Illuminò le facce dei miei compagni, da Dorothée a Tyrian i più preoccupati e infine i due vampiri a cui sembrava non far mai paura nulla.
A quel segnale, entrambe le squadre sapevano di dover partire. Tutti e dieci quegli studenti ignari di ciò che li aspettava di lì a poco, stavano per incamminarsi nel gioco più traumatico e sadico che probabilmente avrebbero mai visto.
«Sei forte, Eireen.» Mi sussurrò Uriel. Accarezzandomi il dorso della mano con le dita e quell'espressione maledettamente criptica ma appena leggibile adesso, sembrò volermi chiedere scusa per qualcosa.
«Perché me lo dici?»
«Perché pensi di non uscirne viva, ed è impossibile, visto che ci sono io con te.» Si voltò verso gli altri ed ora il tono di voce era tornato normale. «...Non è un caso se siamo tutti qui, ma penso ormai sia ovvio.»
Marek annuì, guardando l'inizio del labirinto, fu il primo ad incamminarsi.
No, non era un caso che quei nomi fossero balzati contro tutti e cinque, qualcuno ci voleva lì dentro per una ragione precisa.

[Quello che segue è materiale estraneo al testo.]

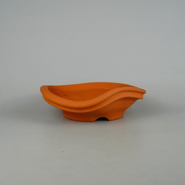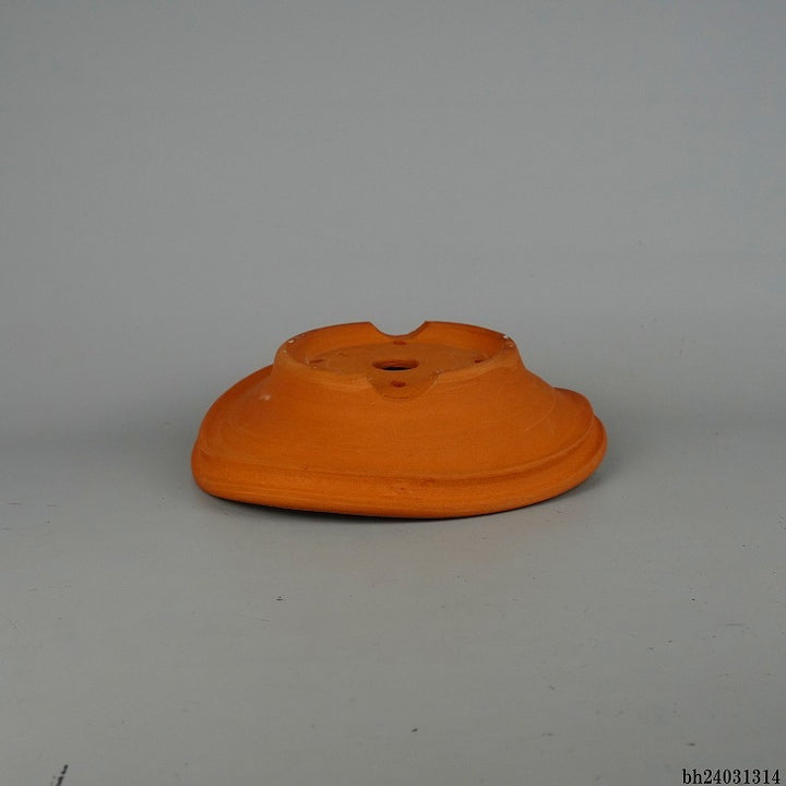 盆栽鉢 竹鳳 中型 長辺 約21cm 変形 丸鉢 泥物 現品 中古鉢 品名竹鳳...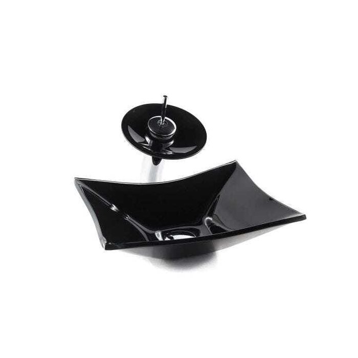 Cuba Retangular + Torneira Cascata + Válvula + Sifão + Te - Preto Preto

«Siamo pronti per questo.» Disse prima di sparire oltre i cespugli altissimi. Lo seguimmo subito dopo.
Pensai che dall'alto, da quegli spalti dove cominciarono a levarsi i primi incitamenti, dovevamo sembrare delle formiche pazze e disperante, in cerca di una qualsiasi via di fuga. Peccato ce ne fosse solo una e dieci vite in gioco.
«Davvero, dovreste calmarvi...» Disse Marek guardando me e la wiccan, palesemente nervose.
«La morte è un eventualità, non una certezza in questo caso.» Sopraggiunse Tyrian, spiazzandoci un po'. «Anche se non arriviamo tutti alla fine, gli spiriti non ci faranno necessariamente del male. È un caso raro quello in cui impazziscono e...»
«Shhh!»
Uriel a capo della fila aveva alzato un indice per farci zittire; le pareti d'erba attorno a noi cominciarono a tremare, trivellandosi di buchi dove dal vuoto tetro cominciarono a spuntare una miriade di occhi osservatori. Le iridi roteavano da una parte all'altra su sclere venose e rigonfie, così tanto che pareva stessero per esplodere da un momento all'altro.
Ci bloccammo sul posto tentando di capire da dove provenissero quei tonfi, sicché per quanto fossero inquietanti capimmo che non era opera di quegli occhi che invece parevano solo futili spettatori.
«Non mi sembra una buona idea star fermi qui.»
Tyrian si guardò attorno, poi prese per il polso Dorothée facendola allontanare da quegli occhi scrutatori, lei si era avvicinata così tanto che pareva stessero quasi per acciuffarla in uno scatto di palpebre.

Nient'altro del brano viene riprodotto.